Exercise details – Give the data below again exactly, and drop each picture from it.

Material provided –
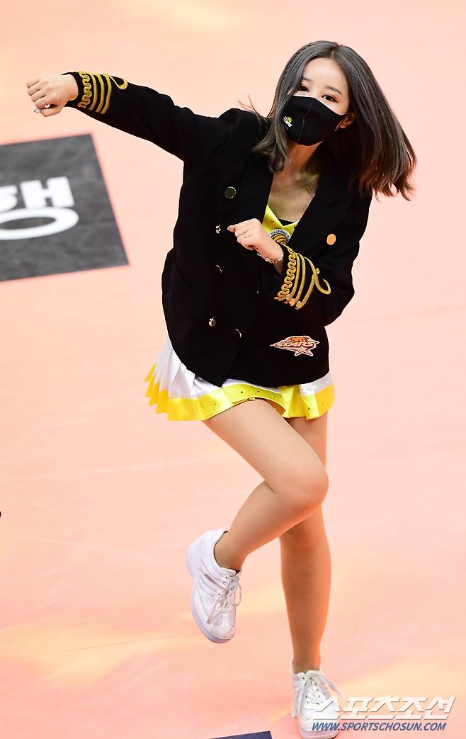 2020-2021 프로배구 V리그 KB손해보험과 현대캐피탈의 경기가 27일 의정부실내체육관에서 열렸다. KB손해보험 치어리더 오채현이 흥겨운 댄스 공연을 펼치고 있다. 의정부=최문영 기자 deer@sportschosun.com /2021.01.27/
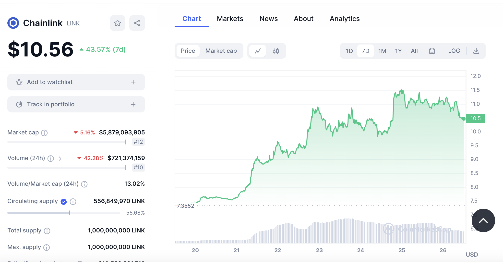 SponsoredEn la última semana, el precio del token de Chainlink, LINK, ha pasado de 7,35 a 10,5 dólares. Su mayor pico lo alcanzó el 25 de octubre, al llegar a los 11,51 dólares. De igual forma, la capitalización de mercado pasó de 4,09 billones a 5,86 billones de dólares, aunque llegó a 6,41 billones de dólares, con un aumento de 43,07%, de acuerdo con CoinMarketCap.
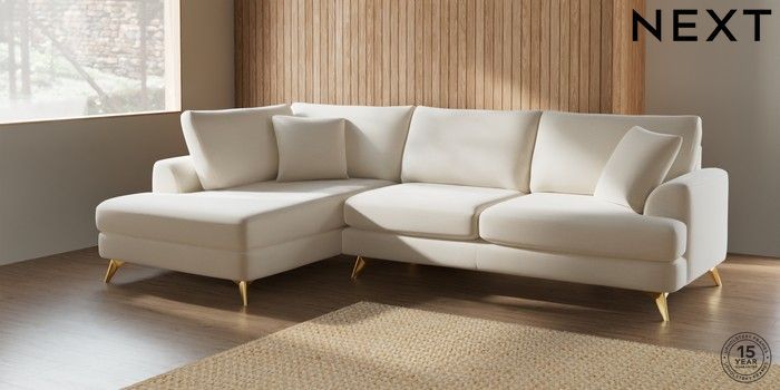 7.2.10 Parker Large Corner Chaise - Left Hand Ripple Chenille Oyster High Metal - Brass | Made Click here to use our website with more accessibility support, for example screen readers
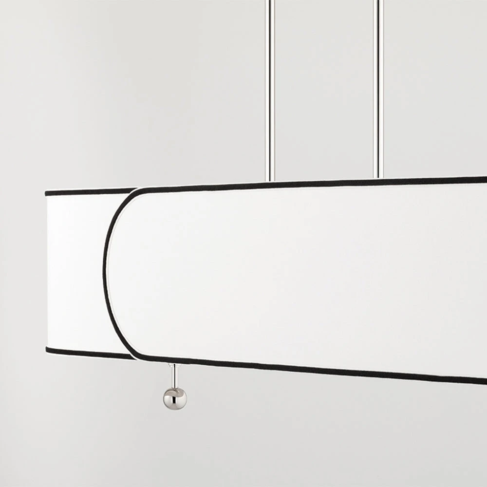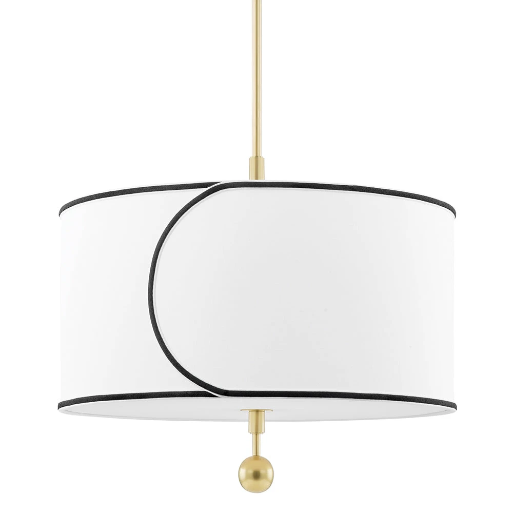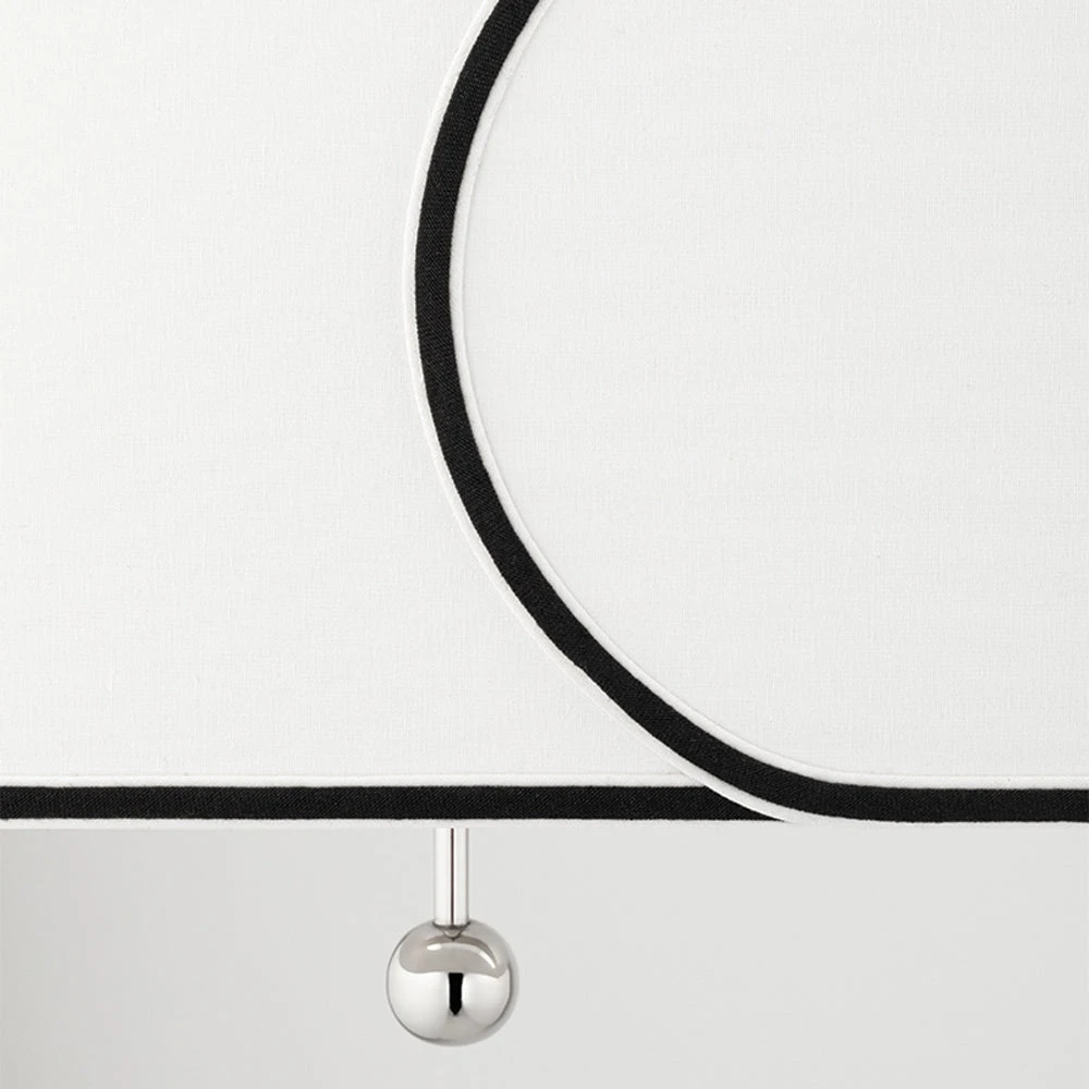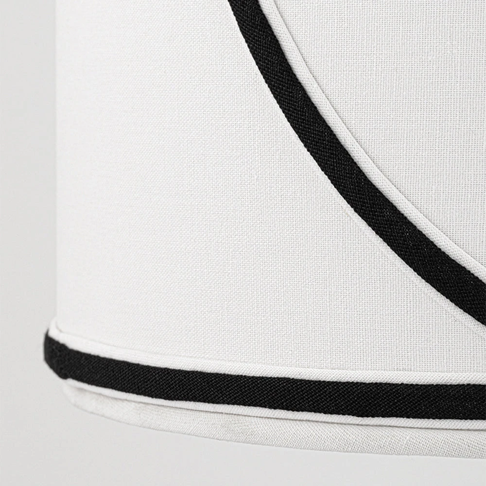 The gorgeous brilliant white drum lampshade is edged in black which creates an interesting dynamic and contrast to the piece. It has an overlapping design that adds to the effect.

Exercise solution –
 2020-2021 프로배구 V리그 KB손해보험과 현대캐피탈의 경기가 27일 의정부실내체육관에서 열렸다. KB손해보험 치어리더 오채현이 흥겨운 댄스 공연을 펼치고 있다. 의정부=최문영 기자 deer@sportschosun.com /2021.01.27/
 SponsoredEn la última semana, el precio del token de Chainlink, LINK, ha pasado de 7,35 a 10,5 dólares. Su mayor pico lo alcanzó el 25 de octubre, al llegar a los 11,51 dólares. De igual forma, la capitalización de mercado pasó de 4,09 billones a 5,86 billones de dólares, aunque llegó a 6,41 billones de dólares, con un aumento de 43,07%, de acuerdo con CoinMarketCap.
 7.2.10 Parker Large Corner Chaise - Left Hand Ripple Chenille Oyster High Metal - Brass | Made Click here to use our website with more accessibility support, for example screen readers
 The gorgeous brilliant white drum lampshade is edged in black which creates an interesting dynamic and contrast to the piece. It has an overlapping design that adds to the effect.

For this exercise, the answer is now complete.